The timeout can be configured through the ConsumerConfig.SESSION_TIMEOUT_MS_CONFIG ("session.timeout.ms") setting which is documented as follows;

The timeout used to detect failures when using Kafka’s group management facilities. When a consumer’s heartbeat is not received within the session timeout, the broker will mark the consumer as failed and rebalance the group.

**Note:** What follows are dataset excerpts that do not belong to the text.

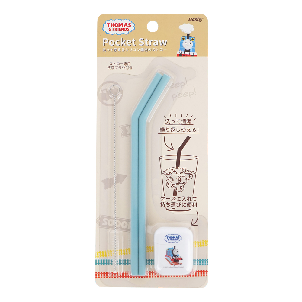 折疊矽膠環保吸管2支入附收納盒&清潔刷-湯瑪士小火車
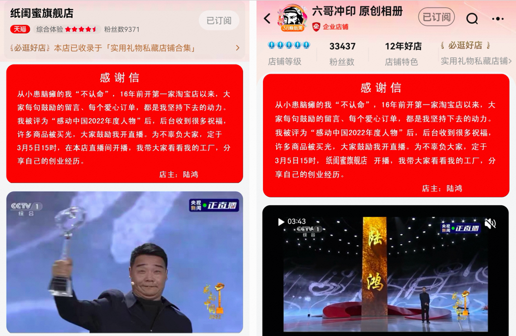 (淘宝店主陆鸿入选“感动中国”2022年度人物)
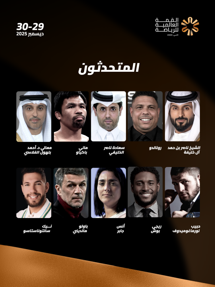 وتشهد القمة مشاركة أكثر من 70 متحدثاً من نخبة القادة والنجوم وأساطير الرياضة العالمية الذين تركوا بصمات مؤثرة في مسيرتهم الرياضية والإنسانية، من بينهم سمو الشيخ ناصر بن حمد آل خليفة، ومعالي الدكتور أحمد بالهول الفلاسي، وسعادة ناصر الخليفي، ورونالدو نازاريو، وباولو مالديني، وحبيب نورمحمدوف، وماني باكياو، وريجي بوش، وأنس جابر، ونيك سانتوناستاسو، إلى جانب شخصيات رياضية أخرى من مختلف دول العالم، ما يعزز مكانة القمة كمنصة عالمية تجمع الخبرة، والتميز، والتجارب الملهمة.

Since heartbeats are sent only when poll() is invoked, a higher session timeout allows more time for message processing in the consumer’s poll loop at the cost of a longer time to detect hard failures. See also MAX_POLL_RECORDS_CONFIG for another option to control the processing time in the poll loop. Note that the value must be in the allowable range as configured in the broker configuration by group.min.session.timeout.ms and group.max.session.timeout.ms.

And the value of this setting was actually printed ahen the application started:

11:00:21,985 org.apache.kafka.clients.consumer.ConsumerConfig - ConsumerConfig values:
    ...
    session.timeout.ms = 30000
    ...

Wrapping up

It is striking how easy it is to scale a Kafka Streams application up or down. I particularly like the fact that this operation is dynamic, as opposed to Spark Streaming that statically allocates resources when the job starts.